Headword: Divisional application/ERICSSON INC.
Keyword: "Meaning of suspensive effect" - "Divisional application (no)"
Suspensive effect means that the consequences following from an appealed decision do not immediately occur after the decision has been taken. Actions normally taking place after a decision are "frozen". Suspensive effect does not have the meaning of cancellation of the appealed decision. Even after an appeal the decision as such remains and can only be set aside or confirmed by the Board of Appeal.
The status of a divisional application filed while an appeal against the decision to grant a patent on the parent application is pending depends on the outcome of that appeal.
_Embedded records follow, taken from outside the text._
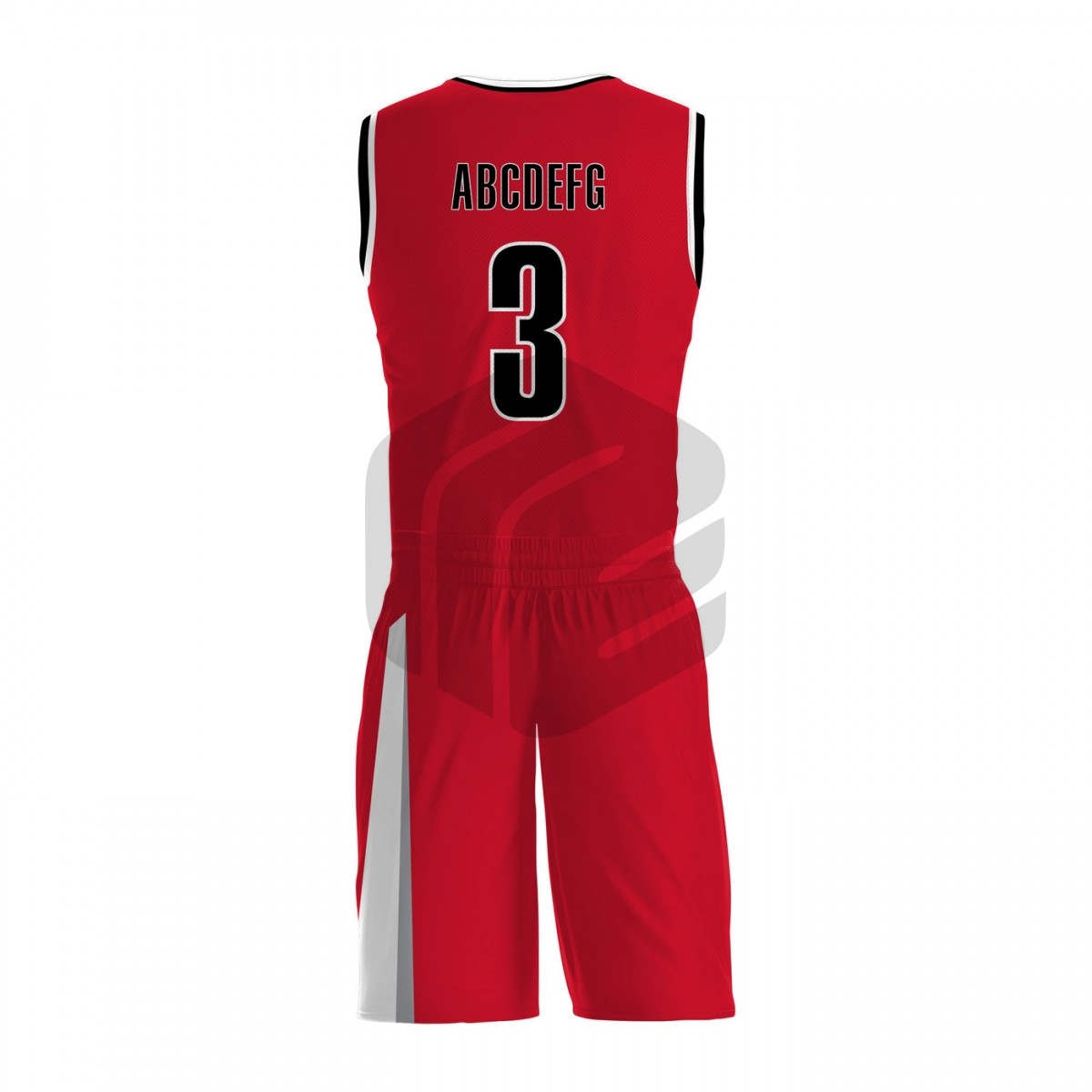 Select your own team colours, team name, and player name & number on this basketball uniform store product.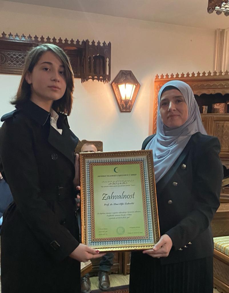 HomeAktuelnostiPredsjednik Mešihata sa kolektivom Reude 23. Marta 2022. Aktuelnosti 1452 U srijedu, 23.03.2022. godine, upriličen je susret predsjednika Mešihata Islamske zajednicr muftije dr. Mevlud ef. Dudića sa upravom i kolektivom Predškolske ustanove Reuda i Vildan. Susret je organiziran nakon nedavnih promjena u rukovodećim organima ove odgojno-obrazovne ustanove Islamske zajednice, kada je imenovan Upravni odbor i upravnica na period od dvije godine. Imajući u vidu da je nakon imenovanja prof. Aide Rašljanin za upravnika Reude, na osnovu njenog ličnog zahtjeva usljed neodložnih ličnih i porodičnih obaveza, Mešihat prihvatio njeno povlačenje sa čelne pozicije, uslijedilo je imenovanje prof. Elvire Mekić na mjesto v.d. upravnice Reude. Predsjednik Mešihata je naglasio da je Predškolska ustanova Reuda važna odgojno-obrazovna ustanova Islamake zajednice, da je prešla važan razvojni put i ostvarila velike rezultate, te da se uspješan rad mora nastaviti u budućnosti i da je potrebno uložiti dodatne napore u cilju ostvarivanja boljih rezultata. Susretu su pored članova kolektiva Reude prisustvovali i muftija dr. Rešad ef. Plojović – potpredsjednik Mešihata, dr. Admir Muratović – direktor Uprave za obrazovanje, prof. Mersad Curić – predsjednik Upravnog odbora, prof. Elvira Mekić – v.d. upravnice Revde i Harun Kačapor – sekretar. Na sastanaku je uručeno priznanje Mešihata dr. Elmi Elfić Zukorlić za doprinos razvoju i uspješno rukovođenje Upravnim odborom Reude u periodu od 2010-2022. godine.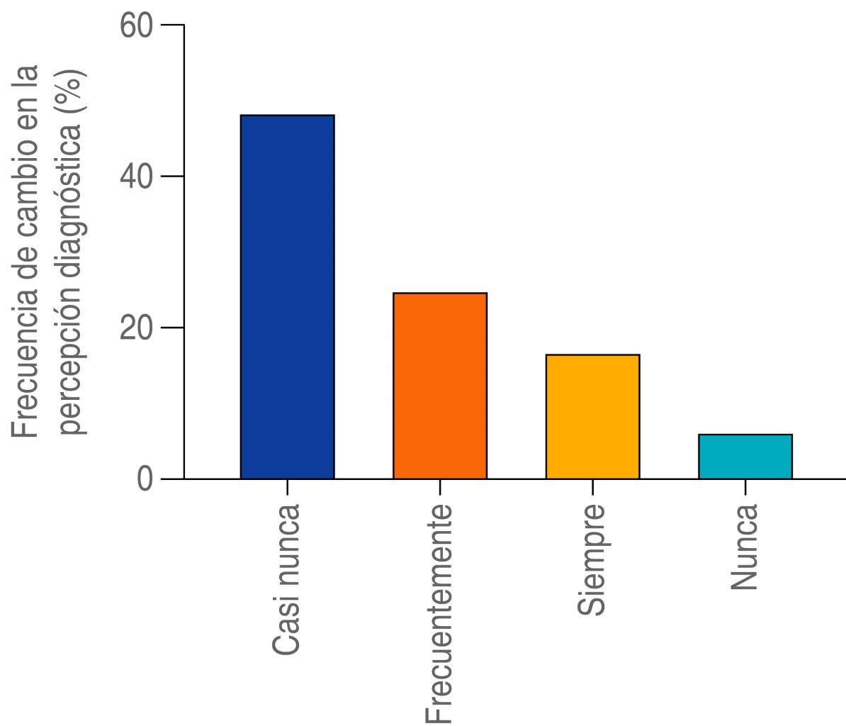 Asimismo, 94.1% de los encuestados consideran la utilidad del análisis del LS en la confirmación diagnóstica y sólo una pequeña fracción valora el análisis para evaluar la efectividad de las terapias (2.4%), el análisis con fines de investigación tuvo una baja frecuencia. Con respecto al impacto del análisis de LS en la percepción diagnóstica, la mayoría de los encuestados (50.6%) respondieron que el análisis de LS casi nunca la cambia; sin embargo, un porcentaje considerable (27.6%) indicó que sí lograban cambiarla de manera frecuente, algunos encuestados (17.2%) afirmaron que siempre y una minoría (4.6%) nunca cambia su percepción diagnóstica (Figura 5).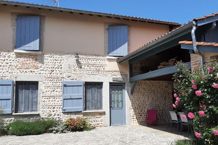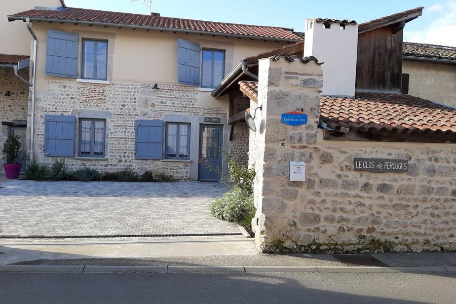 Au pied de la cité médiévale de Pérouges, dans une ancienne ferme de caractère entièrement rénovée, gite de 135 m2, d'une capacité de huit personnes, spacieux et confortable proche du Parc des Oiseaux et de Lyon.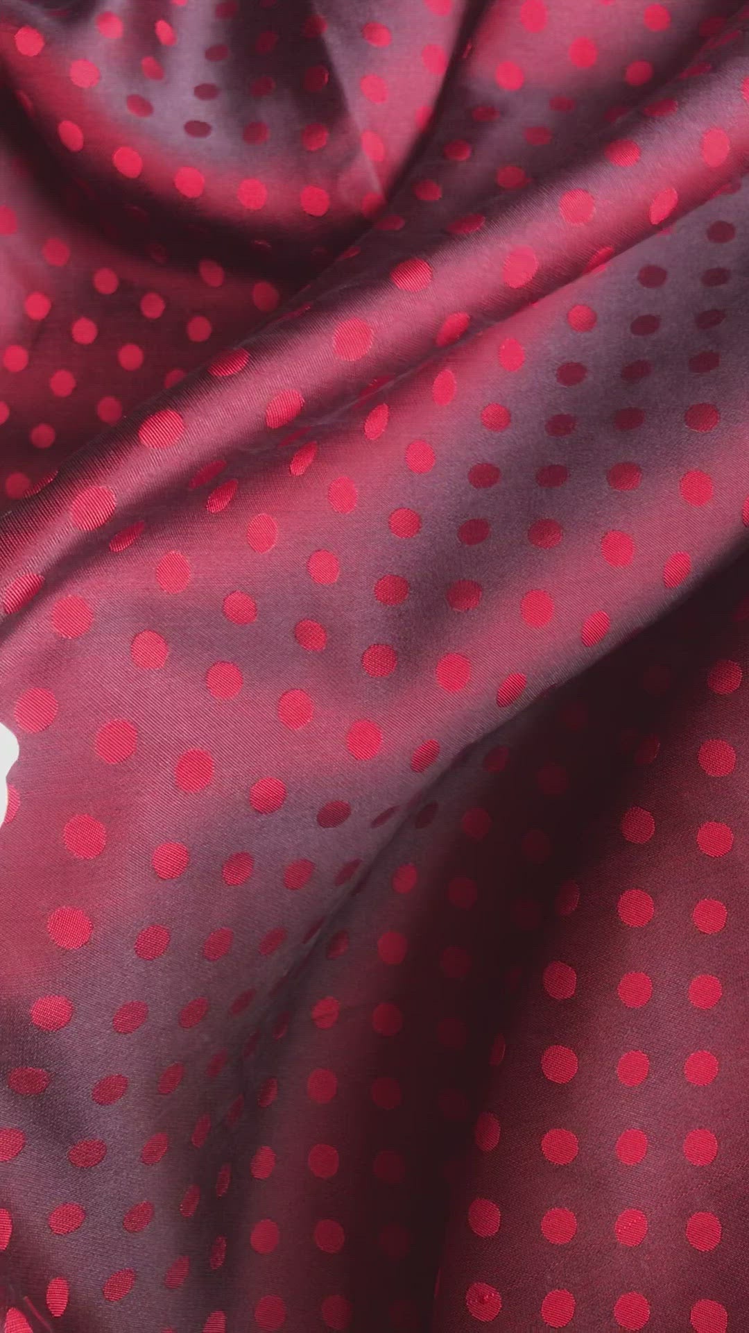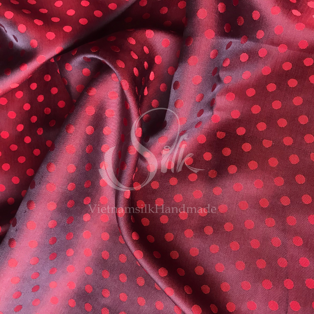 Red Black dot silk - PURE MULBERRY SILK fabric by the yard - Polkadot silk -Luxury Silk - Natural silk - Handmade in VietNam- Silk with Design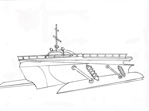 The submitted electro-trimaran differs from usual that pontoons are connected to the case of boat not rigidly, but hinged - by means of bars and springs. Therefore pontoons can move concerning the case.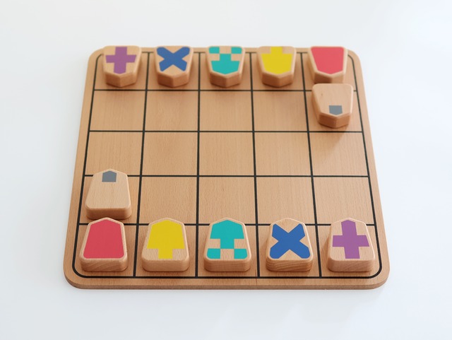 SHOGGY-ショギー-は5五将棋(5×5マスのミニ将棋)を元にしたゲームです。 コマの動きが模様で表現されていて、それぞれの動き方を覚えなくても始めることができます。 相手側の動きも読みやすく、直感的にゲームを進めることができ、将棋をやったことのない人でもすぐに楽しむことができます。 対象年齢 6歳~ セット内容 コマ12個、ボード1枚、説明書1枚 材質 天然木 生産国 ベトナム ※商品写真と実際の商品は色味が異なる場合がございます。 また、木目や塗装色は商品ごとに多少変わりますので、予めご了承ください。 ※商品ご購入後、ご住所の番地以降は必ず「○丁目」始まりでご入力ください。 ※ラッピングの対応は致しかねますので、予めご了承ください。
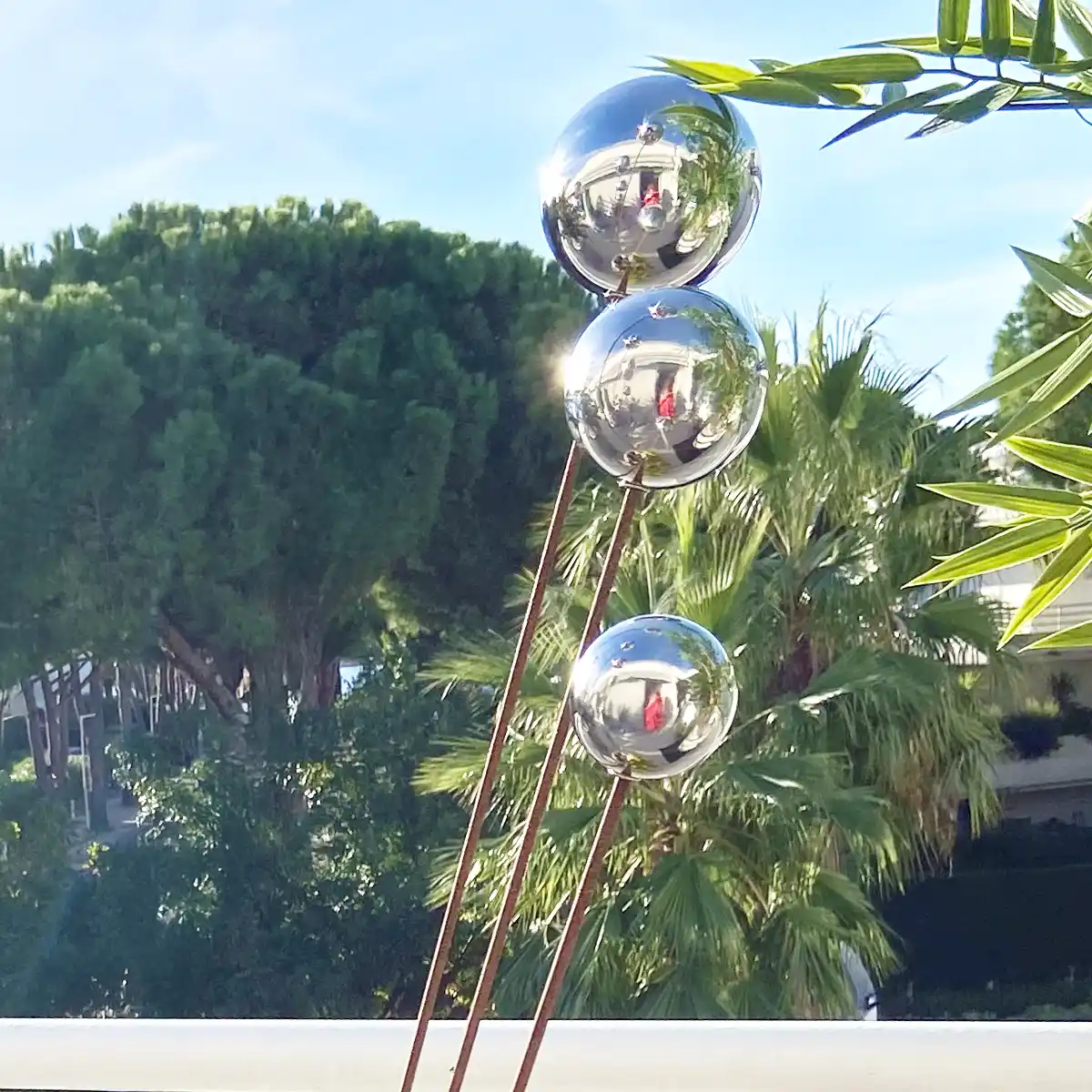 Installée au bout d'une allée, à côté d'un massif de fleurs ou au centre de votre pelouse, cette création attirera tous les regards et apportera du charme à votre extérieur. Grâce à ses sphères éclatantes en inox, elle capte la lumière et réfléchit les couleurs environnantes.

Therefore, the department of first instance cannot decide on the question whether the divisional application has been validly filed until the decision of the Board of Appeal on the appeal is taken.
Summary of facts and submissions
I. European patent application No. 99 911 255 (parent application) was filed on 8 March 1999 as an international patent application PCT/US99/05159 and entered into the European phase on 24 August 2000. The communication under Rule 51(4) EPC was sent on 30 July 2001.The approval of the text in which the grant of the patent was intended was given with letter dated 20 September 2001.
II. A communication according to Rule 51(6) EPC was sent on 8 October 2001. On 27 February 2002 the applicant was informed that the application was deemed to be withdrawn. A request pursuant to Article 121 EPC was filed on 18 April 2002 and was accepted by the Office on 13 May 2002. On 15 May 2002 the Office informed the applicant that the mention of the grant of the patent would be published in European Patent Bulletin 02/26 of 26 May 2002.
III. On 25 July 2002 an appeal was filed against the decision dated 15 May 2002 to grant the patent and the appeal fee was paid accordingly.
As no statement of grounds of appeal was filed, the appeal was rejected on 16 July 2003 as inadmissible (T 1187/02).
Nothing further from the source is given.